* What you should do: When you transcribe the entries below, begin at their first line and stop after the line containing "Тесто разделить на"; pictures stay out.

Data records:
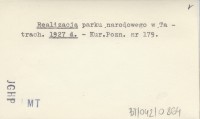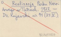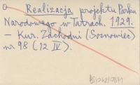 Realizacja Parku Narodowego w Tatrach. 1929
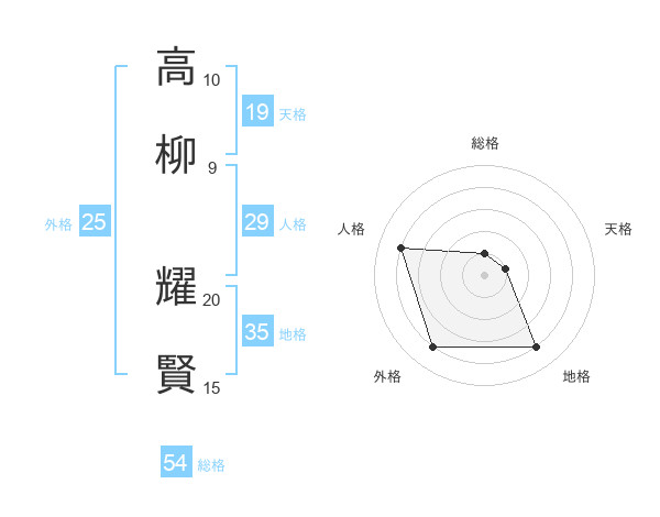 高柳 耀賢さんの総格は54画の1点!
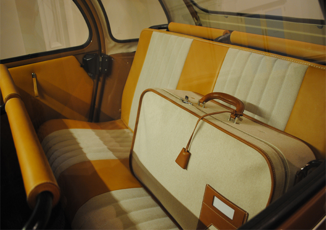 Something you were allowed to take pictures of was this highly covetable Hermès trimmed Citroen 2CV, complete with leather trimmed steering wheel, dashboard and matching luggage. If the keys had been in it I’d have legged it in it.
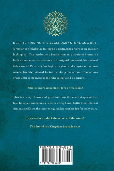 DESPITE FINDING THE LEGENDARY STONE AS A BOY, Jeremiah can't shake the feeling he is destined to always be an outsider looking in. This restlessness haunts him into adulthood until he leads a quest to return the stone to its original home with his spiritual father named Padre, a fellow fugitive, a giant, and a mysterious woman named Jameela. Chased by two bands, Jeremiah and companions evade until confronted by the relic seekers and a decision. What is more important: love or freedom? This is a story of loss and grief and how the many shapes of love lead Jeremiah and Jameela to form a fiery bond, battle their internal demons, and learn the secret the queen has kept hidden for many years. But can they unlock the secrets of the stone? The fate of the Kingdom depends on it.
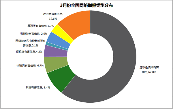 3月份,中國互聯網違法和不良信息舉報中心直接受理、處置網民有效舉報34976件。經核查,會同相關執法部門處置色情、詐騙、賭博網站及鏈接16365條(個);通知新浪微博、鳳凰網、樂視網、好搜、百度等網站、搜索引擎服務商、在線存儲工具服務商刪除色情低俗有害信息8323條;通知豆瓣網、西陸網、鐵血網、優酷網等網站刪除含有血腥殘忍內容,販賣毒藥、槍支的暴恐有害信息1815條;通知新浪、騰訊依法處置傳播虛假信息的博客賬號48個、微博賬號69個;通知騰訊依法處置販賣假幣、違規出售煙草、發布招嫖信息等從事違法活動的即時通信賬號710個;通知網易、鳳凰網、人人網、貓撲網、360DOC、寬帶山社區、東方財富網等網站刪除歪曲黨史國史、捏造京港澳高速油罐車爆炸事故傷亡人數等虛假信息、網絡謠言7646條。
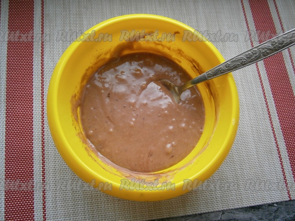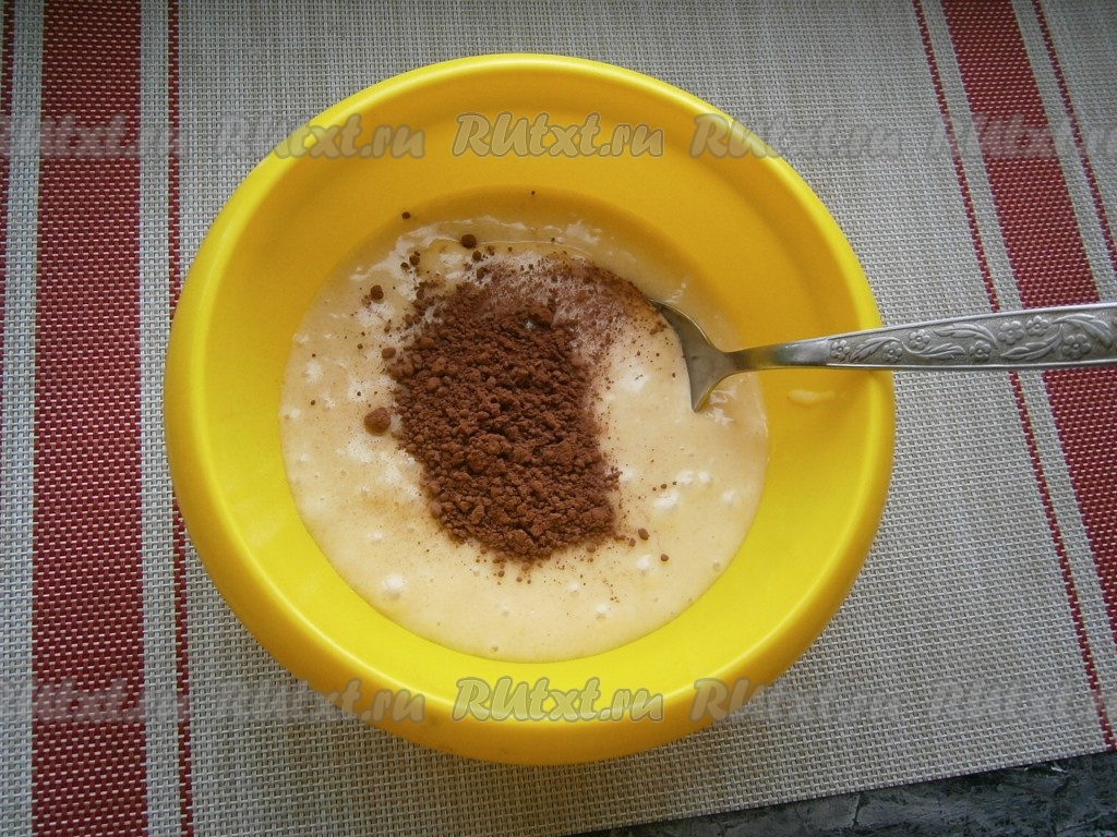 Тесто разделить на 2 равные части, разлив по двум глубоким мискам. В одну получившуюся часть теста добавить какао-порошок.
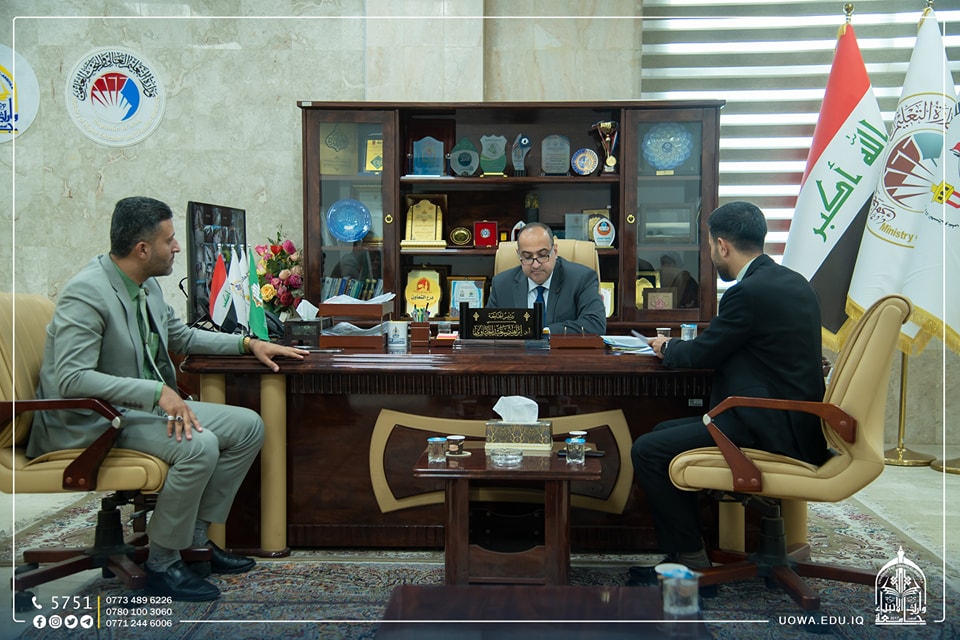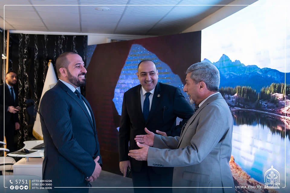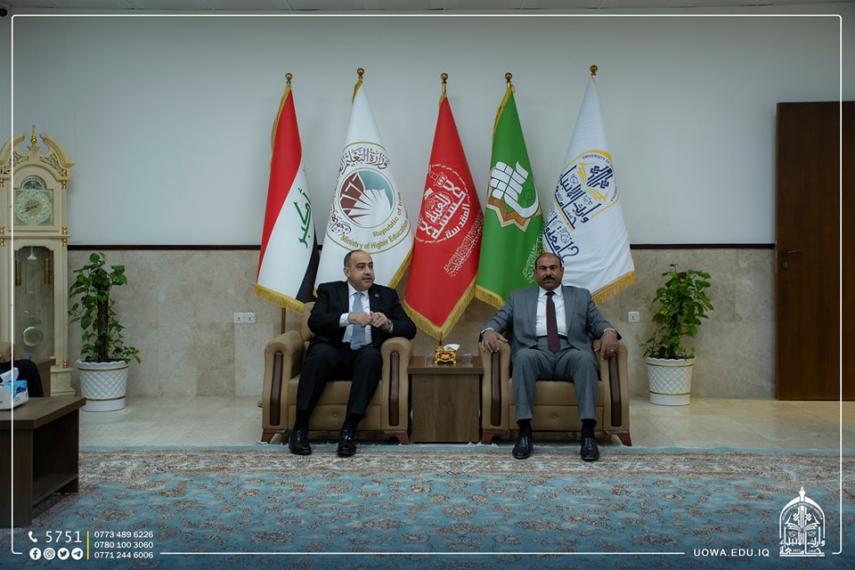 In execution of the terms of the scientific agreement between University of Warith Al-Anbiyaa and the Technological University, Professor Dr. Ibrahim Al-Hayawi, the President of the University, received a delegation from the Presidency of the Technological University, led by Professor Dr. Ahmed Al-Ghaban, the University President. This visit was aimed at enhancing the scientific collaboration between the two universities and monitoring the implementation of the agreement's provisions
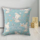 En bedårande vit kanin håller en rosa blomma i mönstret på denna kudde för barnkammaren. Nära botten finns en oval med barnets namn och födelsedatum. Allt är placerat på en medelblå bakgrund. Baksidan av kudden har samma mönster utan oval eller text. En söt present till en babyfest!
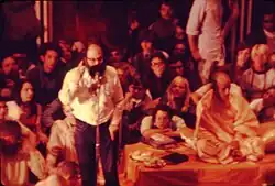 Hundreds of persons jammed into the theater and clusters of other hopefuls paced expectantly outside the auditorium doors...Others found a way onto the stage and lifted the curtains to find themselves standing five feet from Ginsberg and the holy man..."Hare Krishna, Hare Krishna, Krishna Krishna, Hare Hare, Hare Rama, Hare Rama, Rama Rama, Hare Hare," chanted the students, over and over again, clapping and dancing to the rhythmic drone of the Indian incantation.[5]
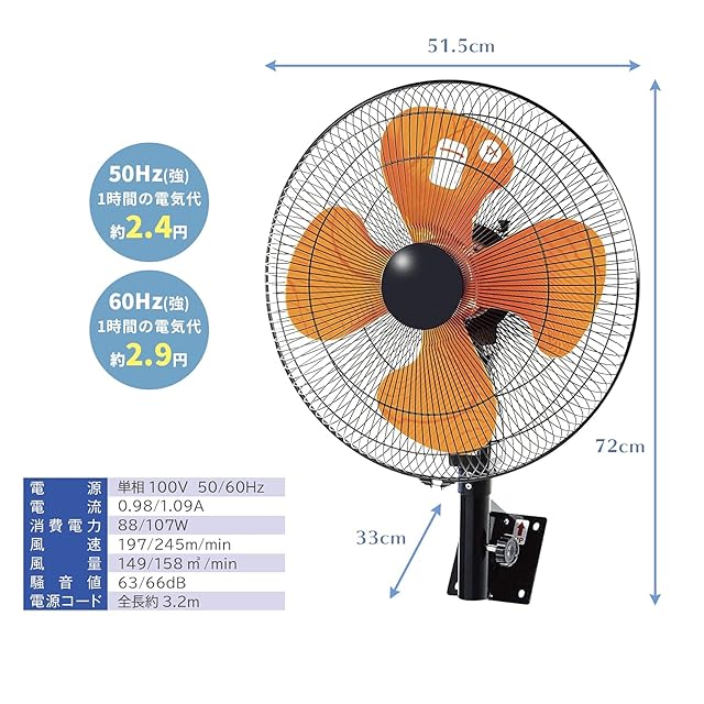 電源:単相100V 50/60Hz、消費電力(強):88/107W 電流(強):0.98/1.09A
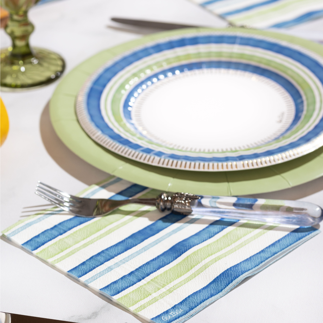 Piatti in cartoncino a righe blu, verdi ed eleganti rifiniture in oro, ideale per una tavola allegra e raffinata
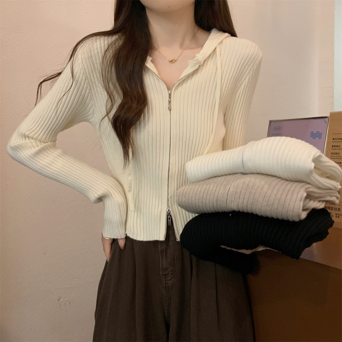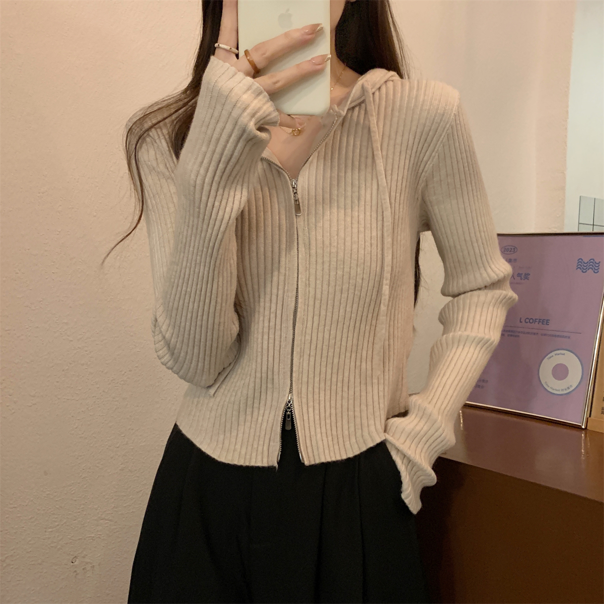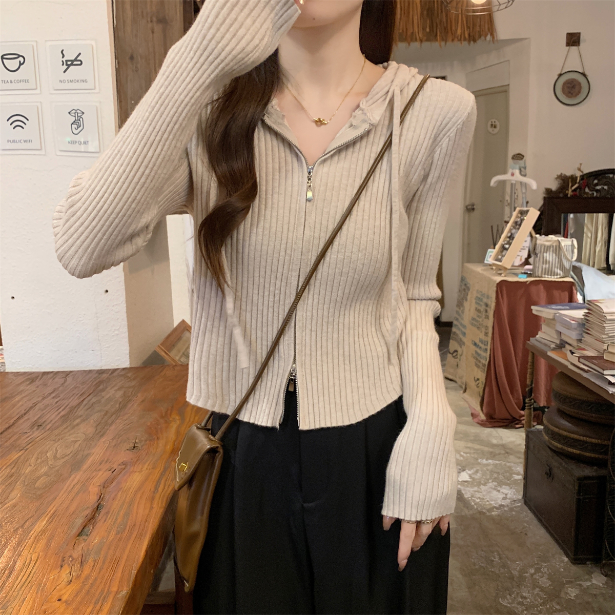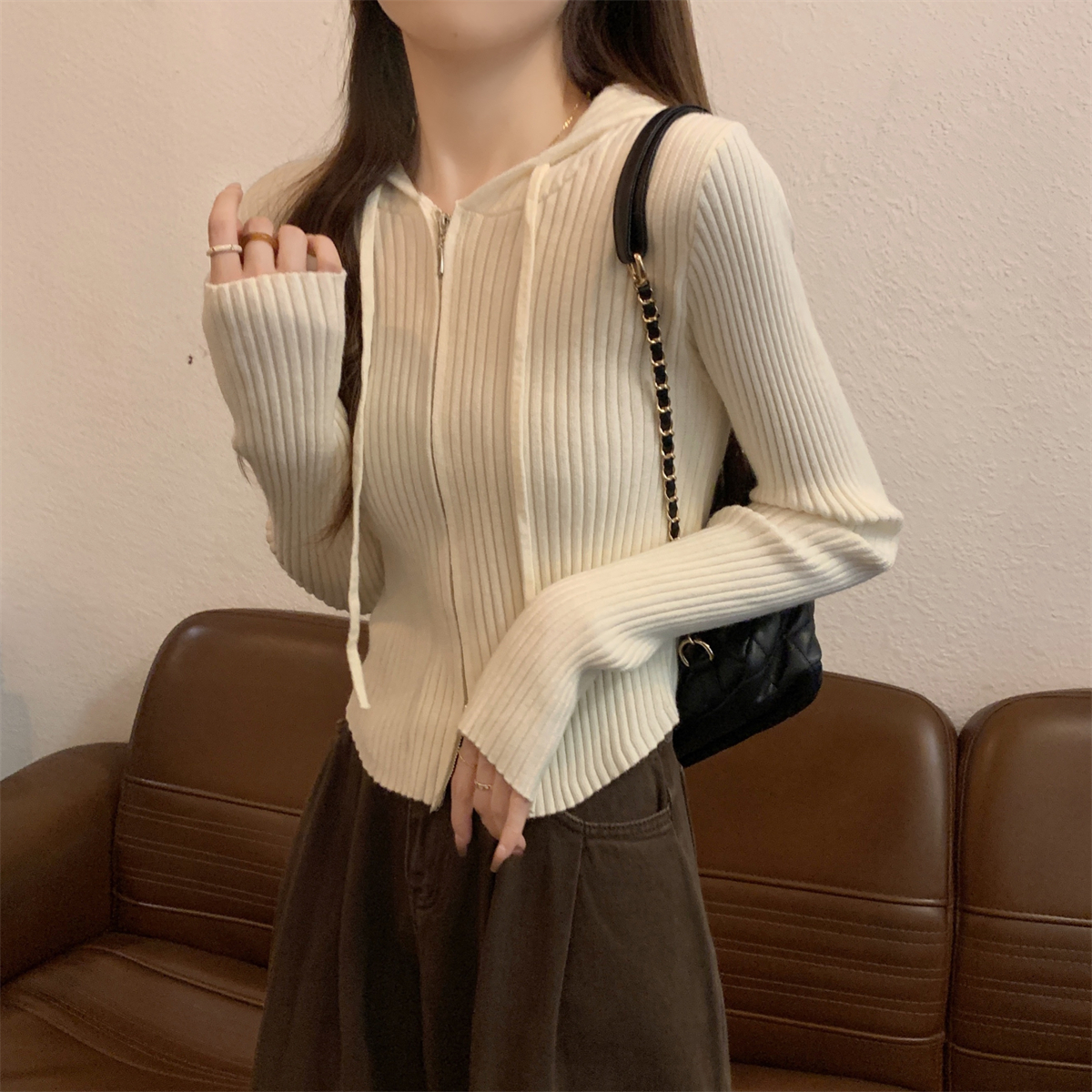 2025秋裝新款韓系早秋氛圍感穿搭毛衣秋季連帽針織開衫初秋上衣

* Result of the exercise:
 Realizacja Parku Narodowego w Tatrach. 1929
 高柳 耀賢さんの総格は54画の1点!
 Something you were allowed to take pictures of was this highly covetable Hermès trimmed Citroen 2CV, complete with leather trimmed steering wheel, dashboard and matching luggage. If the keys had been in it I’d have legged it in it.
 DESPITE FINDING THE LEGENDARY STONE AS A BOY, Jeremiah can't shake the feeling he is destined to always be an outsider looking in. This restlessness haunts him into adulthood until he leads a quest to return the stone to its original home with his spiritual father named Padre, a fellow fugitive, a giant, and a mysterious woman named Jameela. Chased by two bands, Jeremiah and companions evade until confronted by the relic seekers and a decision. What is more important: love or freedom? This is a story of loss and grief and how the many shapes of love lead Jeremiah and Jameela to form a fiery bond, battle their internal demons, and learn the secret the queen has kept hidden for many years. But can they unlock the secrets of the stone? The fate of the Kingdom depends on it.
 3月份,中國互聯網違法和不良信息舉報中心直接受理、處置網民有效舉報34976件。經核查,會同相關執法部門處置色情、詐騙、賭博網站及鏈接16365條(個);通知新浪微博、鳳凰網、樂視網、好搜、百度等網站、搜索引擎服務商、在線存儲工具服務商刪除色情低俗有害信息8323條;通知豆瓣網、西陸網、鐵血網、優酷網等網站刪除含有血腥殘忍內容,販賣毒藥、槍支的暴恐有害信息1815條;通知新浪、騰訊依法處置傳播虛假信息的博客賬號48個、微博賬號69個;通知騰訊依法處置販賣假幣、違規出售煙草、發布招嫖信息等從事違法活動的即時通信賬號710個;通知網易、鳳凰網、人人網、貓撲網、360DOC、寬帶山社區、東方財富網等網站刪除歪曲黨史國史、捏造京港澳高速油罐車爆炸事故傷亡人數等虛假信息、網絡謠言7646條。
 Тесто разделить на 2 равные части, разлив по двум глубоким мискам. В одну получившуюся часть теста добавить какао-порошок.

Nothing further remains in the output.